The whole Christian world stands to benefit enormously by Christian Science healings of this purely spiritual kind, but they owe nothing of course to psychiatry, blind faith healing, or psychosomatic medicine. Their sole model is the Christ-healing that cured that withered hand, wherein it becomes clear that the human mind alone feels sick, the divine Mind alone heals, and Christ's infallible method receives its proper credit for healing in the twentieth century, just as effectively as it did in the first.
It is, of course, a great reassurance to the inquiring Christian to see that Christian Science healing is in fact a revival of Christ-healing based accurately on Jesus' method. This being so, an honest, earnest Christian need no more fear opening his Christianity toward Christian Science, than a bud need fear opening its petals toward its own lovely blossom.

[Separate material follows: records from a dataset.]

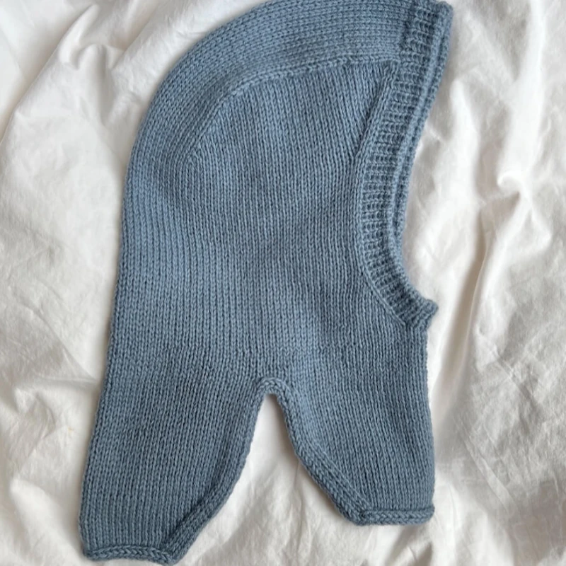 The Monday Balaclava is worked from the top down in stockinette stitch. First a square is worked for the top of the head. Then stitches are picked up and knitted along both sides of the square and decreases are worked along the opening for the face. The balaclava is then worked straight down and then joined to be worked in the round below the chin before it is split into front and back. At the end a rib edge is worked along the face opening and an i-cord edge is worked along the bottom edge.
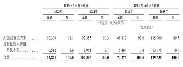 钛动科技的商业模式围绕两大互补的解决方案体系构建:AI营销解决方案及定制化达人营销解决方案。
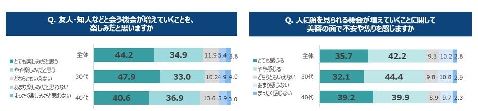 友人・知人などと会う機会が増えていくことを楽しみだと思っている女性は全体で79.1%※1もいるが、人に顔を見られる機会が増えていくことに関して美容の面で不安や焦りを感じている女性も全体で77.9%※2いることが分かりました。

But does this apply to the more serious aspects of Christian theology? This is a good point. The best way to answer it, I think, is to examine the transition of a sincere Christian into Christian Science.
For years, just such an earnest Christian had yearned to understand God properly, in order to gain dominion over evil. To this end he talked with many dedicated churchmen, and prayed a great deal, finally attending his church each day to receive bread and wine in Holy Communion to help him. However, his habit of thinking of himself as a sinner seemed but to increase his affinity with evil, till after years of struggle, he was in a state of hopeless despair. But the Christian Science textbook, which he began to read at this point for the first time in his life, gradually began to change his sense of God, man, and sin in a very radical way. It showed him with full Bible authority that, in reality, God is entirely and only good, and that man, His spiritual likeness, is His naturally good and wholly spiritual child; that therefore God and man are on the same side, and that sin is merely a serious false belief about man, over which God gives us full dominion. From this, the man slowly began now to class evil as a detached and foreign lie, rather than his own inseparable and native weakness; and to challenge it accordingly as a presumptuous illusion, an upstart untruth.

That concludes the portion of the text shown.